Reducing Taxable GILTI Inclusions by Contributing Shares of a CFC to a Domestic C Corporation or by making a Section 962 Elections

a. Contributing CFC Shares to a Domestic Corporation

In addition to the high tax exception, an individual holding CFC stocks may consider contributing the shares of the CFC to a domestic C corporation. As discussed above U.S. shareholders of a CFC must include any GILTI as ordinary income. The current highest federal tax rate applicable to an individual is 37 percent. On the other hand, the current highest federal tax rate to a corporation is 21 percent. In addition to a significantly lower tax rate, corporate shareholders of CFCs are provided two significant benefits that are not afforded to non-corporate shareholders. First, C corporate structures that hold CFCs can deduct 50 percent through a Section 250 deduction) of their GILTI inclusion. Second, U.S. corporate shareholders of CFCs can offset their U.S. tax liability with foreign tax credits paid by the CFC.
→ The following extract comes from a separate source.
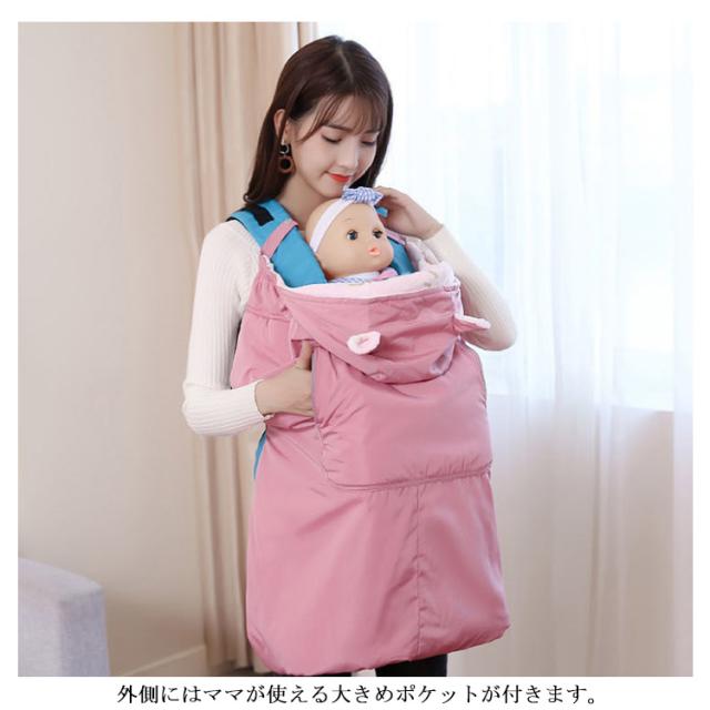 抱っこ紐 防寒ケープ ベビーカー 2WAY 防寒 防寒カバー ポッケト付き 裏ボア フリース 保温性 多機能 あったか 可愛い 耳付き

An individual holder of CFC shares may contribute the shares of the CFC to a domestic C corporation which would result in the C corporation becoming a U.S. shareholder of the CFC. An individual shareholder can transfer his or her CFC shares to a U.S. holding company tax-free through a Section 351 contribution. (Section 351(a) provides that no gain or loss shall be recognized if property is transferred to a corporation by one or more persons solely in exchange for its stock if the transferor or transferors of property are in “control” of the corporation “immediately after the exchange”).
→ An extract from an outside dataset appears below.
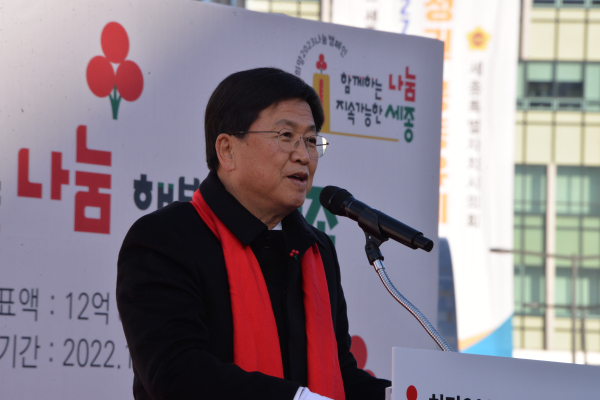 최교진세종시교육감은 "사랑의 온도탑을 10년 동안 매번 100도 이상 목표 이상을 달성했다는 것은 그 무엇보다도 우리 세종 시민들이 정말 더불어 살아갈 줄 아는 따뜻한 마음 사랑의 마음을 가졌다는 것"이라고 엄치적을 치켜 올렸다.

GILTI earned by a domestic corporation should receive the benefit of the Section 250 deduction and flow-through of foreign tax credits. Moreover, a distribution of the CFC’s PTEP (PTEPs will be discussed in more detail below) should not be subject to further U.S. income tax.  If the CFC has any E&P (that is not otherwise PTEP) a distribution of such amount from the CFC to domestic corporation may qualify for an exemption that allows for tax-free repatriations of CFC earnings under Internal Revenue Code Section 245A. (In certain cases, Internal Revenue Code Section 245A allows GILTI inclusions realized by a C corporation as dividends from a 10 percent or more foreign subsidiary to be exempt from federal taxation).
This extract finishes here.